How to install Shark in CDH 5.0.0 GA
Requirements for Shark
1. CDH5
2. Spark
spark should be already installed in CDH 5, under /opt/cloudera/parcels/CDH/lib/spark
follow these steps you will install Shark 0.9.1 in /var/lib/spark on CDH 5.0.0 GA with Hadoop version 2.3.0
/var/lib/spark is the default user home of spark user in CDH 5.0.0 GA
you need run these scripts as root or spark user (you need to change the shell of spark user to /bin/bash, by default it is nologin)

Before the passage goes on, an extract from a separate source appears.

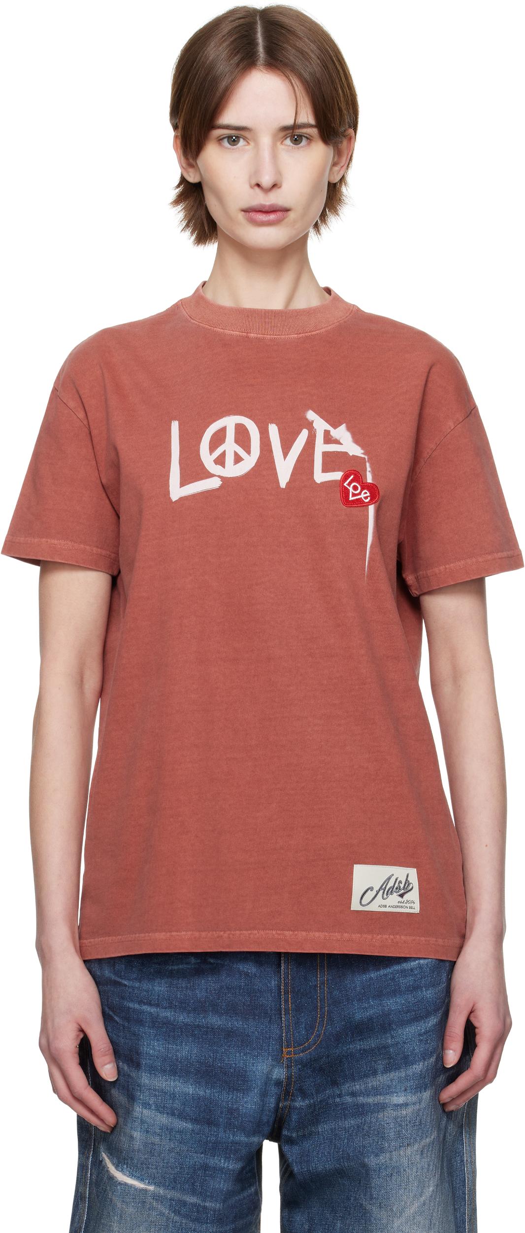 Cotton jersey T-shirt. · Rib-knit crewneck · Text printed at chest · Embroidered graphic patch at front · Logo patch at hem Supplier color: Red
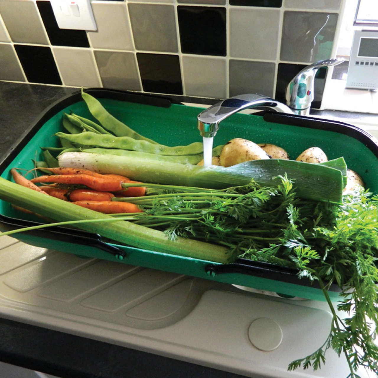 This colander trug is the perfect home companion, collect up all your vegetables from the garden in the generously sized trug, then simply place the trug on the drainer with the colander end over the sink and wash all your veg in the trug. Once washed simply drain the water out from the colander holes with no fuss, mess or spillage. Dimensions: L: 56cm x W: 31cm x H: 12cm

1. Download Shark source code
export SPARK_USER_HOME=/var/lib/spark cd $SPARK_USER_HOME wget http://www.scala-lang.org/files/archive/scala-2.10.3.tgz tar zxf scala-2.10.3.tgz wget https://github.com/amplab/shark/archive/v0.9.1.tar.gz tar zxf v0.9.1.tar.gz
OR YOU CAN DOWNLOAD MY shark-0.9.1 version, it is complied with CDH 5.0.0 packages:
http://user.cs.tu-berlin.de/~tqiu/fxlive/dataset/shark-0.9.1-cdh-5.0.0.tar.gz
2. Configure Shark
we can use the hive 0.12 in CDH5, so we do not need to download spark/shark version of hive 0.11 bin
set following configs in $SPARK_USER_HOME/shark-0.9.1/conf/shark-env.sh :
export SPARK_USER_HOME=/var/lib/spark export SPARK_MEM=2g export SHARK_MASTER_MEM=1g export SCALA_HOME="$SPARK_USER_HOME/scala-2.10.3" export HIVE_HOME="/opt/cloudera/parcels/CDH/lib/hive" export HIVE_CONF_DIR="$HIVE_HOME/conf" export HADOOP_HOME="/opt/cloudera/parcels/CDH/lib/hadoop" export SPARK_HOME="/opt/cloudera/parcels/CDH/lib/spark" export MASTER="spark://test01:7077" SPARK_JAVA_OPTS=" -Dspark.local.dir=/tmp " SPARK_JAVA_OPTS+="-Dspark.kryoserializer.buffer.mb=10 " SPARK_JAVA_OPTS+="-verbose:gc -XX:-PrintGCDetails -XX:+PrintGCTimeStamps " export SPARK_JAVA_OPTS
(change the host name test01 in MASTER="spark://test01:7077" to your host)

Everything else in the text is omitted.